Founded October 1, 1812
Named for Saint Genevieve
Seat Ste. Genevieve
Largest city Ste. Genevieve
Area
 • Total 509 sq mi (1,318 km2)
 • Land 502 sq mi (1,301 km2)
 • Water 7 sq mi (17 km2), 1.29%
Population
 • (2010) 18,145
 • Density 36/sq mi (14/km²)
Congressional district 8th
Time zone Central: UTC-6/-5
Website stegencounty.org

Sainte Genevieve County, often abbreviated Ste. Genevieve County (French: Ste-Geneviève), is a county located in the eastern portion of the U.S. state of Missouri. As of the 2010 census, the population was 18,145.[1] The largest city and county seat is Ste. Genevieve.[2] The county was officially organized on October 1, 1812, and is named after the Spanish district once located in the region, after Saint Genevieve, patroness of Paris, France. It includes the earliest settlement west of the Mississippi River outside of New Spain, part of the French colonial mid-Mississippi valley villages.

History[edit]

Ste. Genevieve County is located on the west bank of the Mississippi River approximately 60 miles (97 km) south of St. Louis. Ste. Genevieve is the principal town and the county seat of Ste. Genevieve County with a population of around 5,000 people. Ste. Genevieve was the first permanent civilized settlement in Missouri. The actual date of establishment is, like many other dates, connected to genealogy. There is a conflict of opinion as to the exact year depending on the preferred source. The year 1735, according to Goodspeed's History of Southeast Missouri, and most of the descendants of the early settlers, is the most generally accepted date. Dr. Carl J. Ekberg, in his book, Colonial Ste. Genevieve, is of the opinion that the date of the establishment of Ste. Genevieve is closer to 1750, based on interpretations of early letters, maps, and Catholic Church documents. Regardless of which date one wishes to believe, Ste. Genevieve is about 250 years old.

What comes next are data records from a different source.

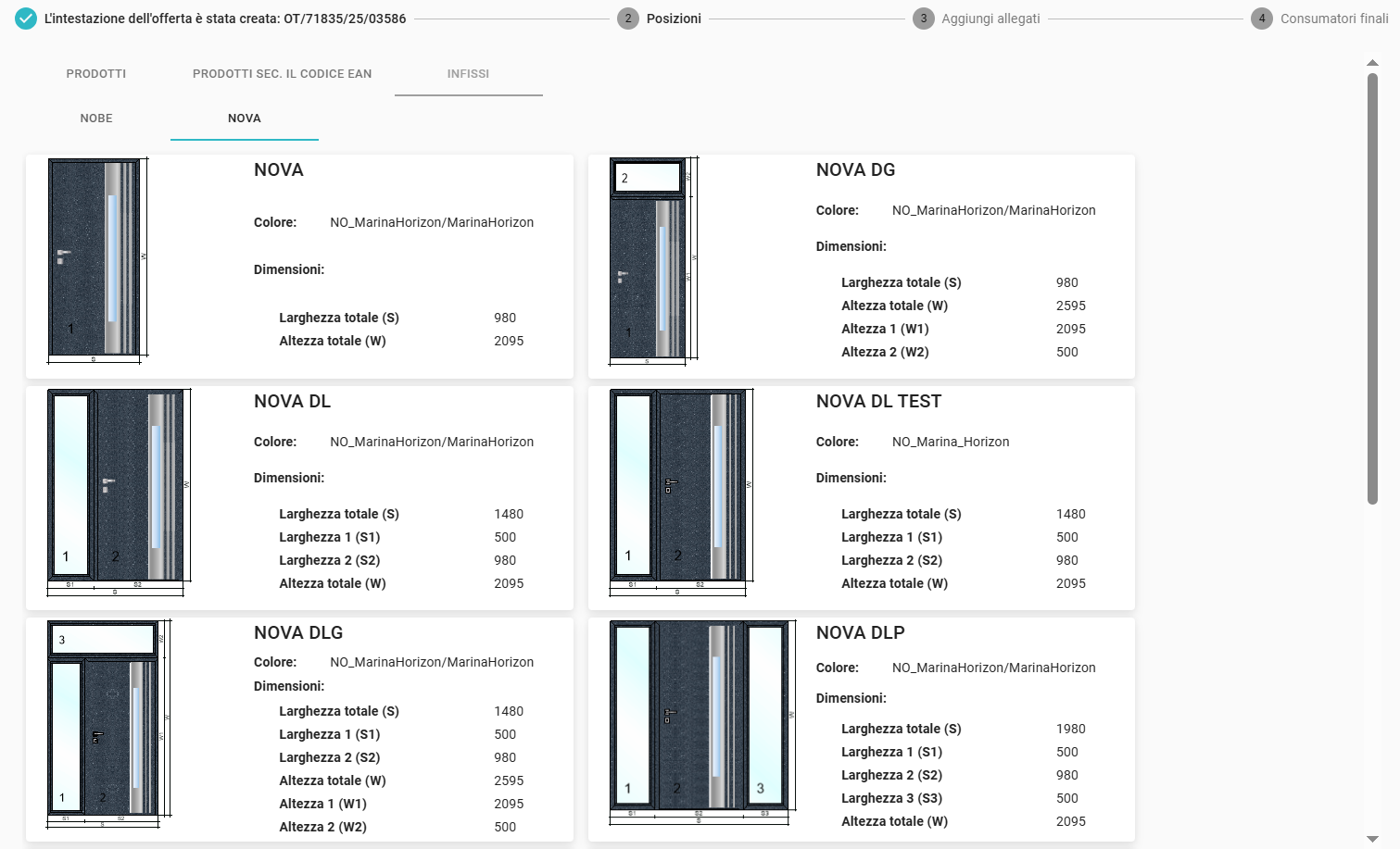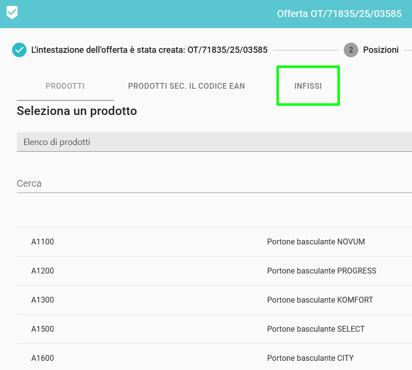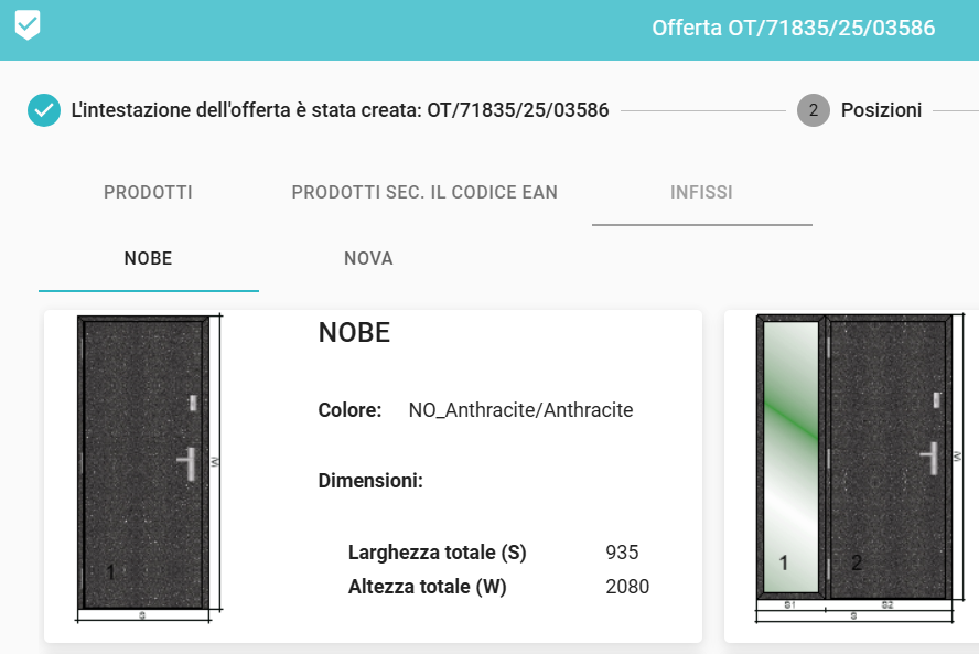 Durante la preparazione di un'offerta nella fase di selezione dei prodotti, si passa alla scheda INFISSI. Si prega di notare, in particolare, che per le quotazioni delle porte NOVA e NOBE dobbiamo sempre iniziare il processo di quotazione creando un'“offerta”. Per motivi tecnici, non è possibile avviare la valutazione con un ordine.
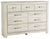 Gorgeous and modern, this charming bed and dresser express your farmhouse style. Wispy white finish over replicated oak wood grain infuses so much character for a weathered, rustic look you’ll love. Clean-lined, classic panel styling provides a country-chic bedroom retreat that’s a breath of fresh air and provides the perfect foundation for an inviting space.
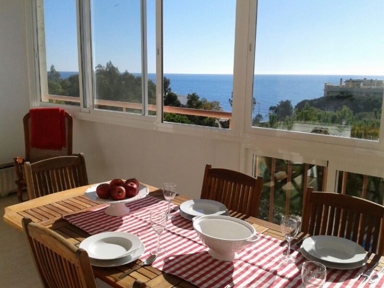1.300 € /monthAttic 4/6 people. Living room with air conditioning and sofa bed. Nice terrace of 22 meters glazed and with sea views (Luna beach). Private use terrace of 70 m2 with barbecue and magnificent views of
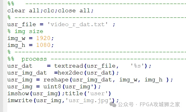 当我们拿到了modelsim里面的仿真视频流一帧的文件txt,直接读入到matlab里面去就好了。几行代码就完成了华丽的转换。

The village of Ste. Genevieve was originally included in the Illinois Country. This was generally accepted to be all the land claimed by the French from the mouth of the Ohio River, north to the Great Lakes, and including the valleys of the Mississippi, Missouri, and Ohio Rivers. The seat of government was established in New Orleans, and what is now Missouri became part of Upper Louisiana Territory. The early French explorers and settlers were known to have been in the Ste. Genevieve area in the very early 18th century.

Salt was a very important commodity then in the preservation of foods and curing of animal hides, and the early French settlers were quick to exploit the salt springs on Saline Creek just below Ste. Genevieve. Mineral explorations lead Renault and La Motte to the area, and some of the very earliest lead mines were named for La Motte in nearby Madison County.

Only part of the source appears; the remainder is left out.